Activity
Using the listing below, please print exactly the lines from the one with "Niesamowicie ładna i" through the one with "شارژر وایرلس باسئوس". Leave out every picture.

Supplied records
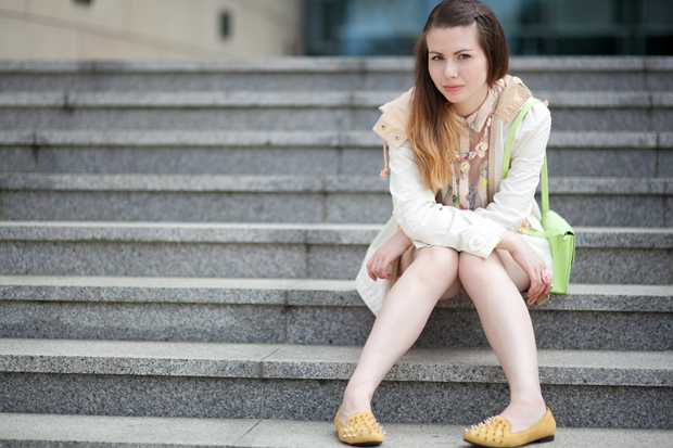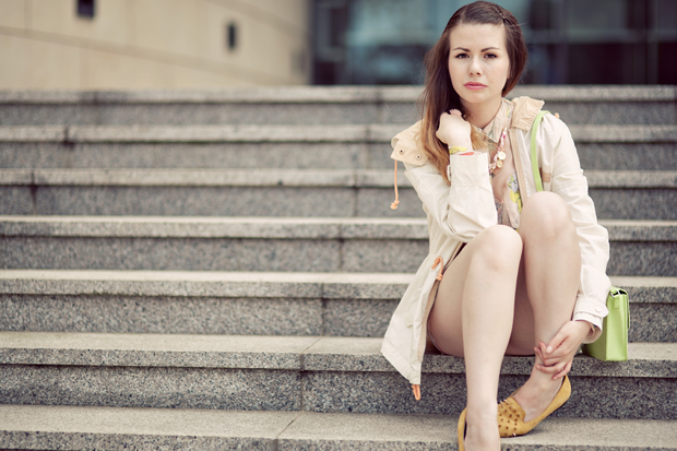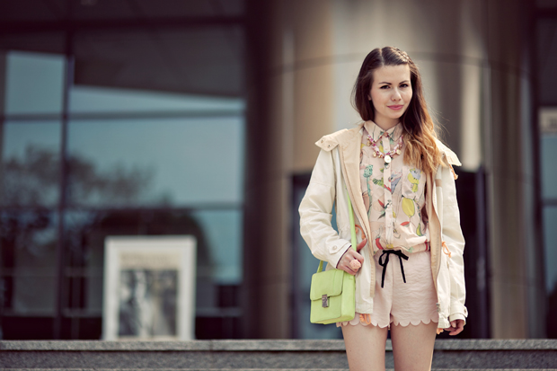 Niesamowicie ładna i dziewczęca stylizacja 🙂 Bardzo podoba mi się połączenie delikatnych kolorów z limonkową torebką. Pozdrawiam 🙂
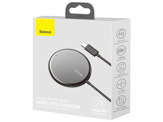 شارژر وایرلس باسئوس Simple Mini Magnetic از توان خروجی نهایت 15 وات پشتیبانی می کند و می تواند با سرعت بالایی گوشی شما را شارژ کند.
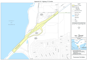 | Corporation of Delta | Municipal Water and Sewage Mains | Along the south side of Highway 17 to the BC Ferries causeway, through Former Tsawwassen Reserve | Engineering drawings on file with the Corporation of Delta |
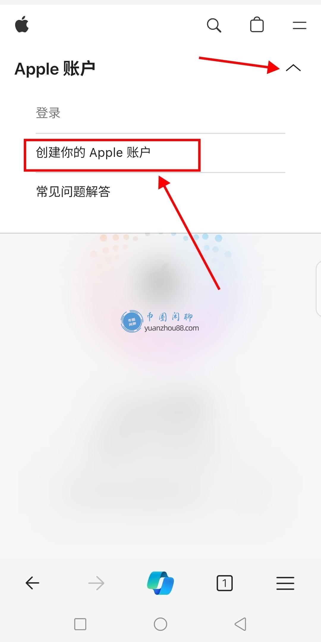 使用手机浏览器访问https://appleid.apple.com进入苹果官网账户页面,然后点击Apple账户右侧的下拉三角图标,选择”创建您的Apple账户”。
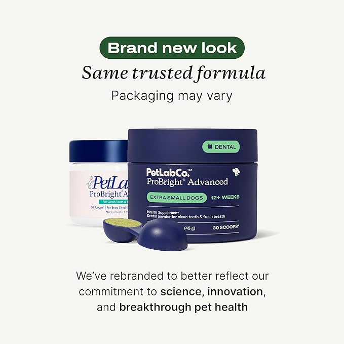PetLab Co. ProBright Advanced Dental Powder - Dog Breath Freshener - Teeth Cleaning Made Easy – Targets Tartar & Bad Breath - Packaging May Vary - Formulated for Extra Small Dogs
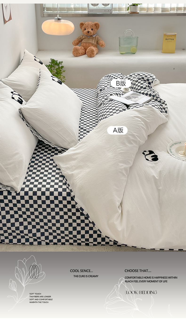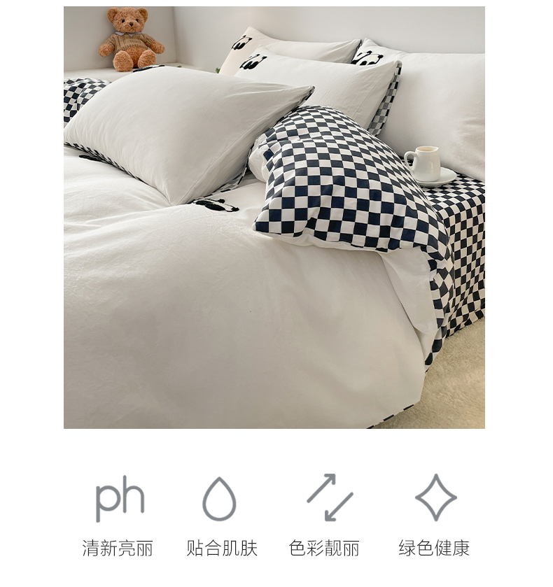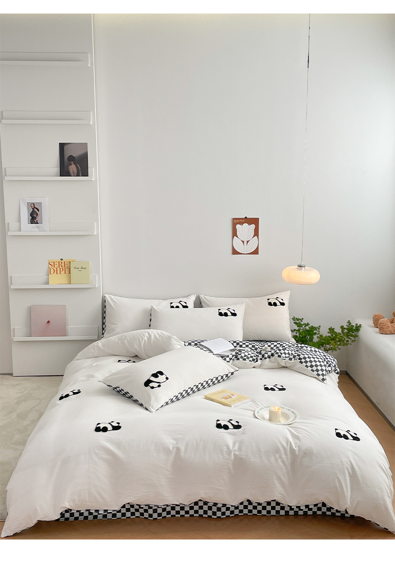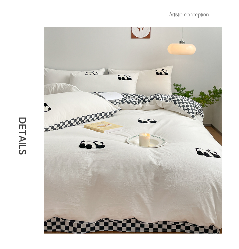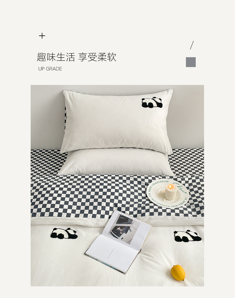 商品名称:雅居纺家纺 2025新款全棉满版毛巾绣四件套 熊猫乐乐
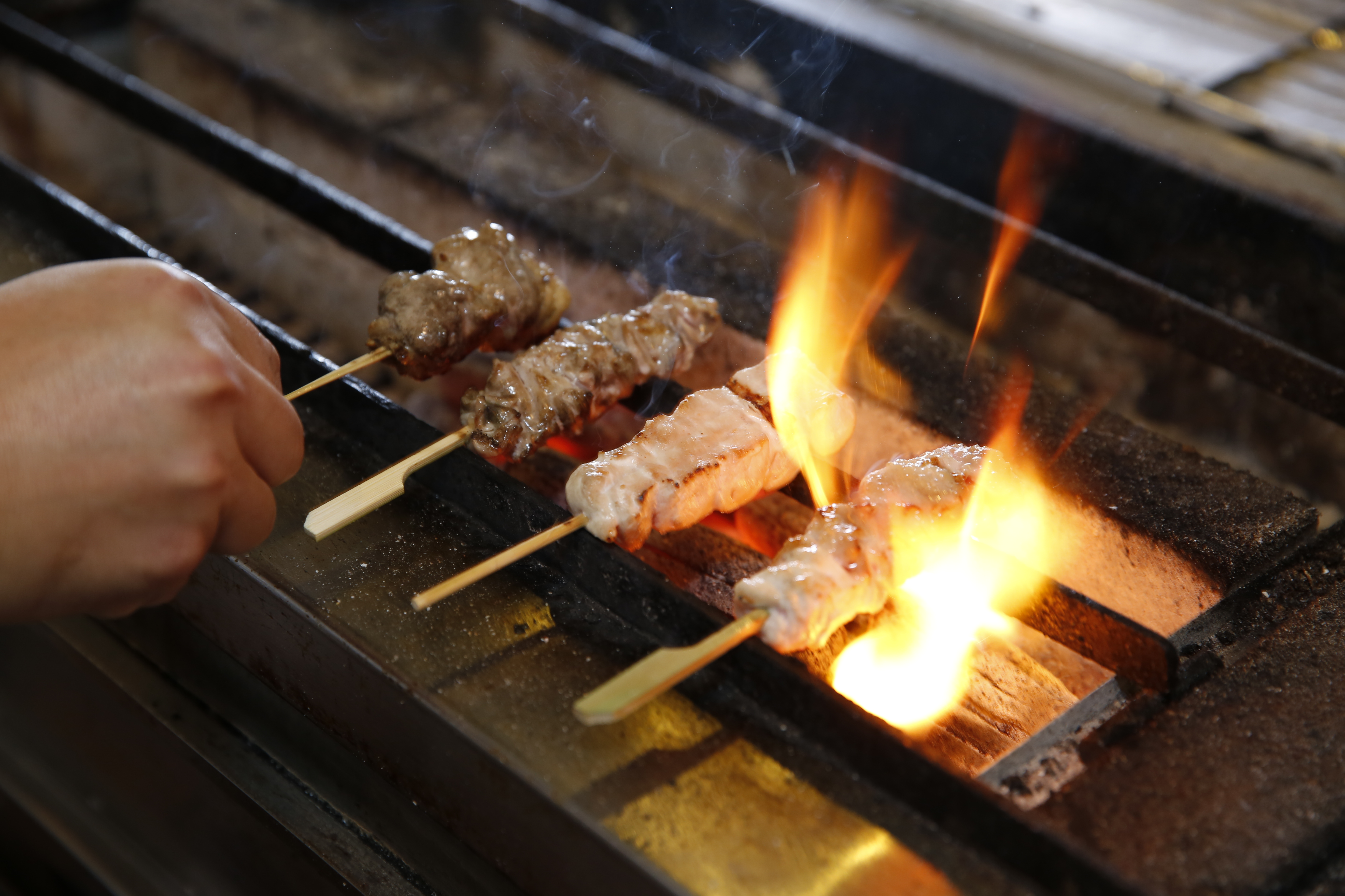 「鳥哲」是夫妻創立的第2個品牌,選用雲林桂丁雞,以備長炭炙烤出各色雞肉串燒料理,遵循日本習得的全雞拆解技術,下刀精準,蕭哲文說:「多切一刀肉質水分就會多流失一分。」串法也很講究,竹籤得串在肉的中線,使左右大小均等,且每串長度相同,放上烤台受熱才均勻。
--
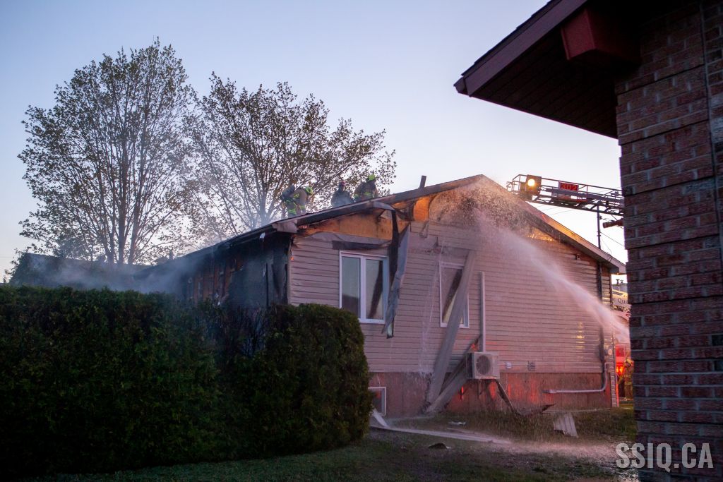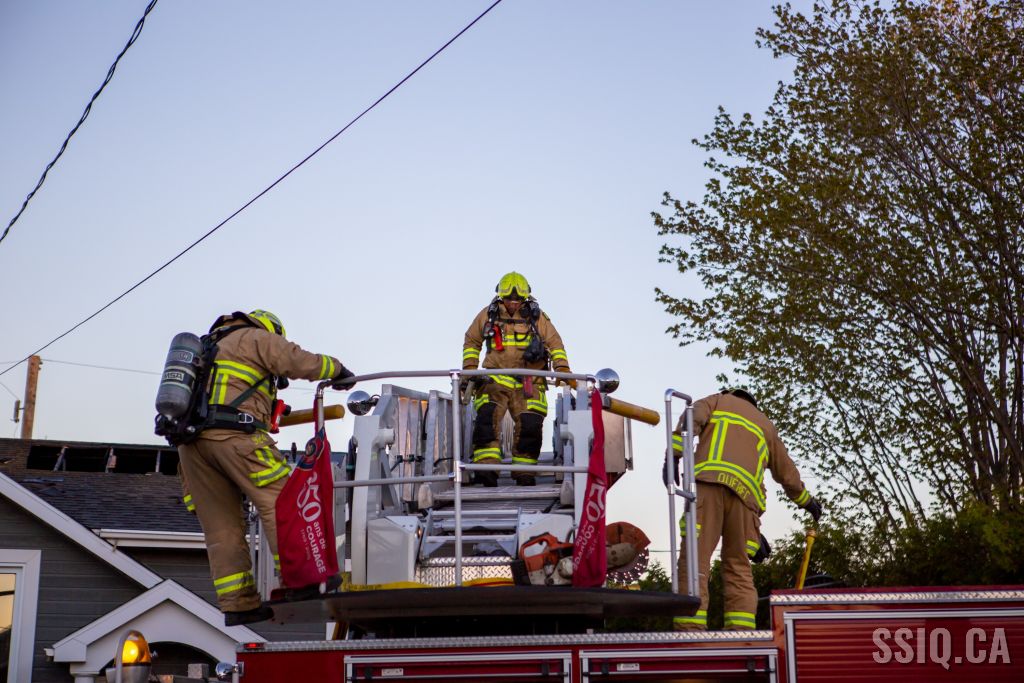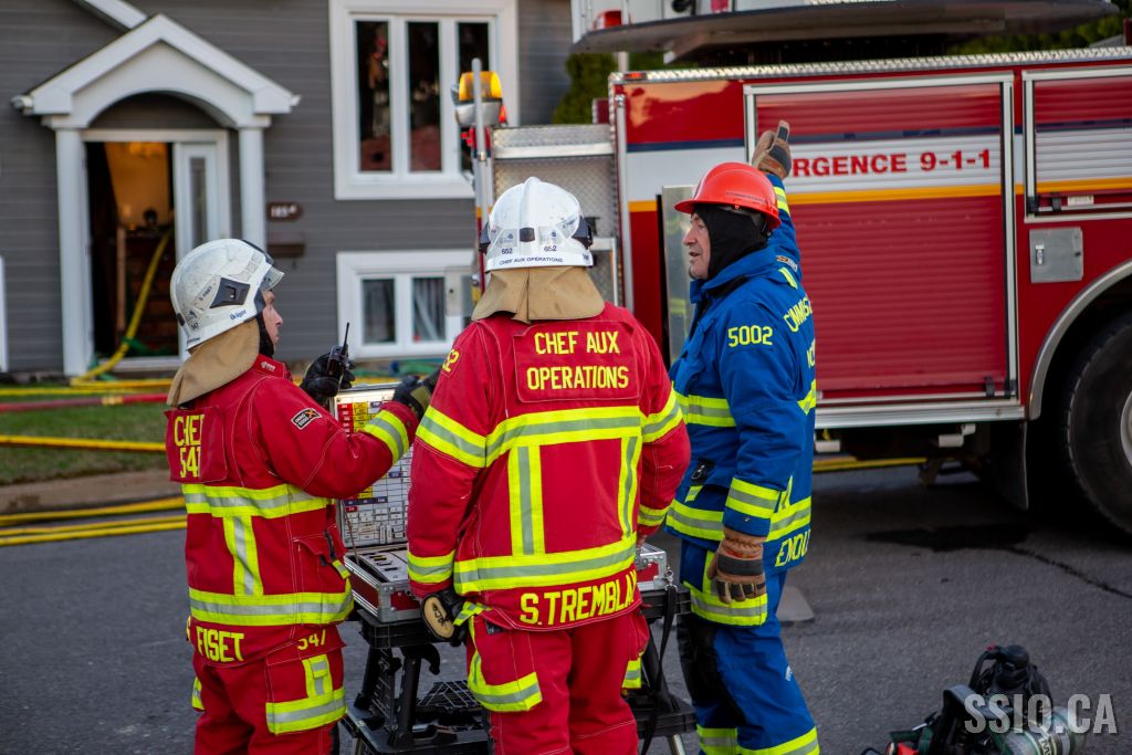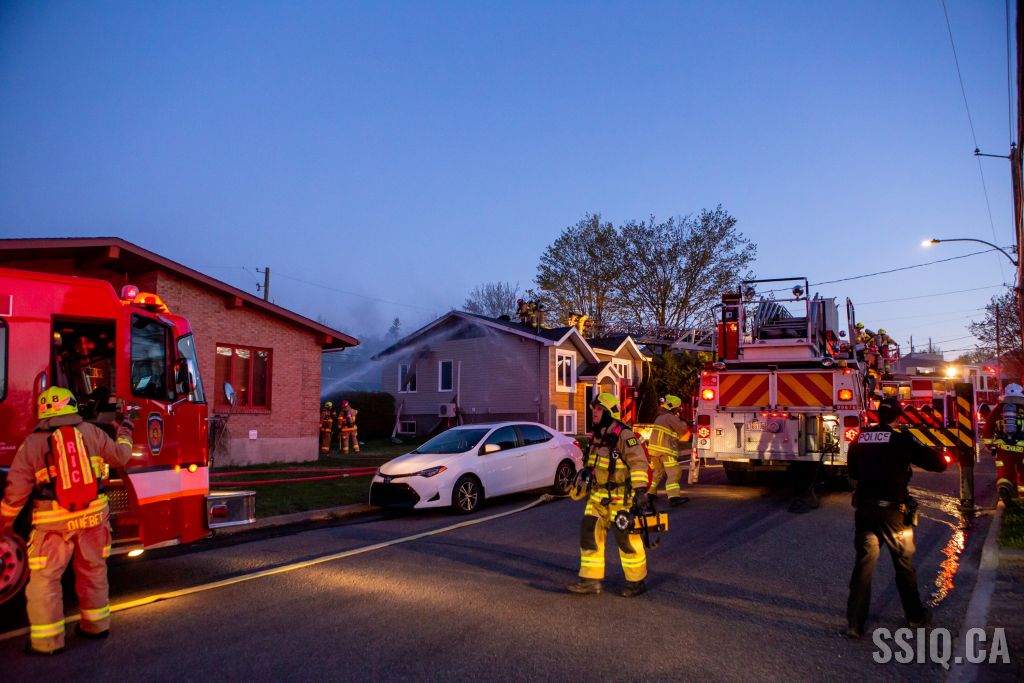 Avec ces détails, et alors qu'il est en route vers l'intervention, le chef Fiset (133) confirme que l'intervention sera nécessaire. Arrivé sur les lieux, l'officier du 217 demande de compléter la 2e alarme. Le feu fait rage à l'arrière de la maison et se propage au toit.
...
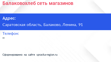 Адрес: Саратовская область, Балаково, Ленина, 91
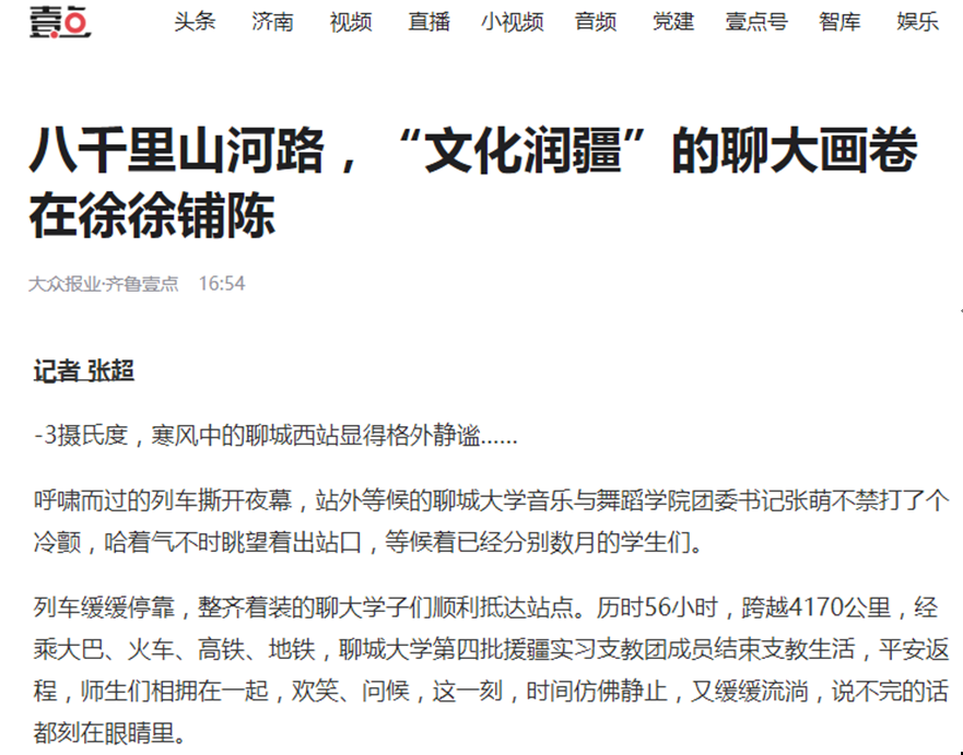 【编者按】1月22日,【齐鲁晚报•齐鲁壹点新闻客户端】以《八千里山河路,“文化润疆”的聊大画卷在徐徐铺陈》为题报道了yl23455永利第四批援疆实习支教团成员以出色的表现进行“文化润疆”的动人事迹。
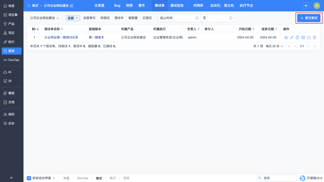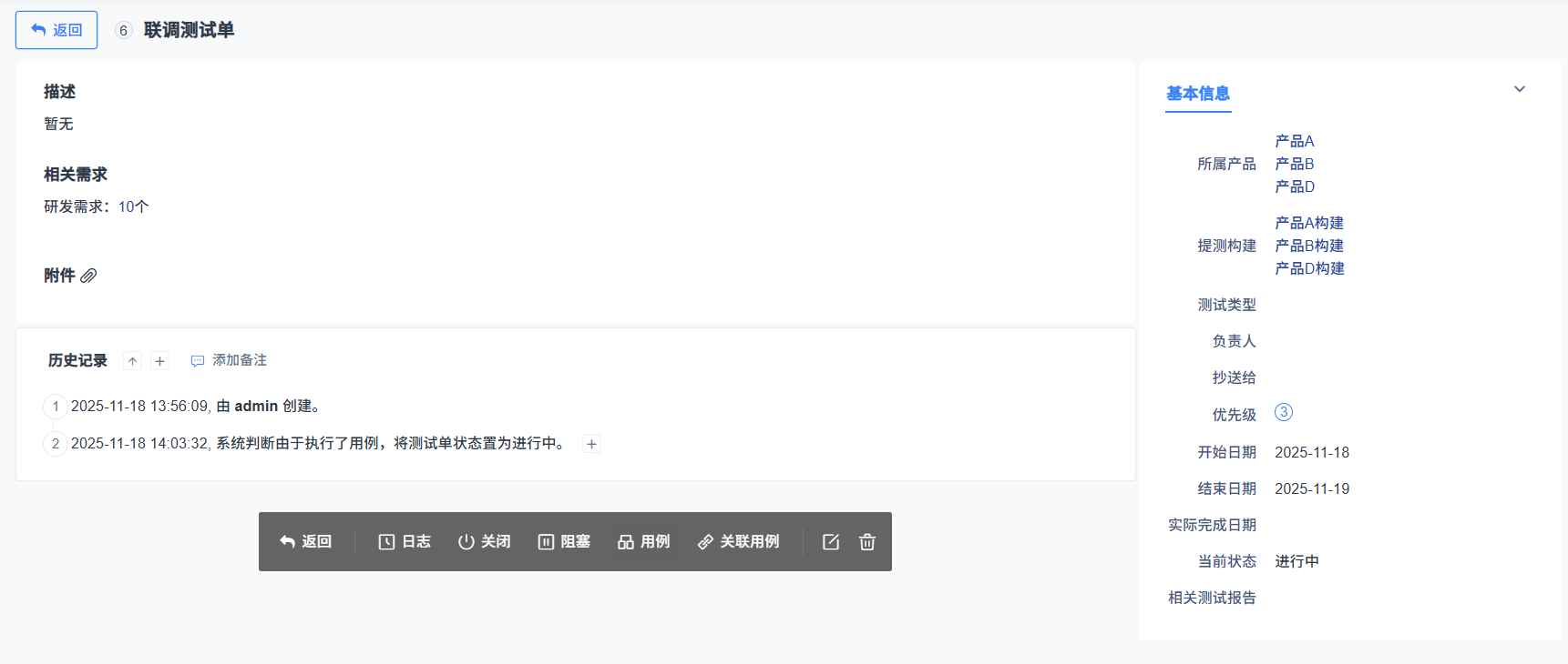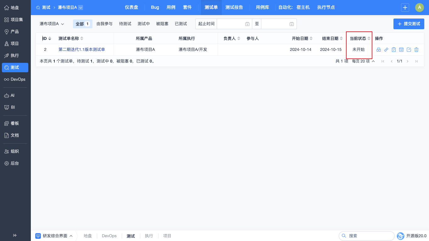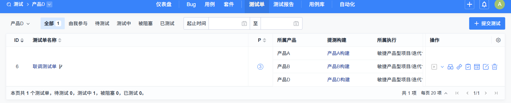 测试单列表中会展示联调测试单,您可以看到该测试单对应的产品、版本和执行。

Your response
 Niesamowicie ładna i dziewczęca stylizacja 🙂 Bardzo podoba mi się połączenie delikatnych kolorów z limonkową torebką. Pozdrawiam 🙂
 شارژر وایرلس باسئوس Simple Mini Magnetic از توان خروجی نهایت 15 وات پشتیبانی می کند و می تواند با سرعت بالایی گوشی شما را شارژ کند.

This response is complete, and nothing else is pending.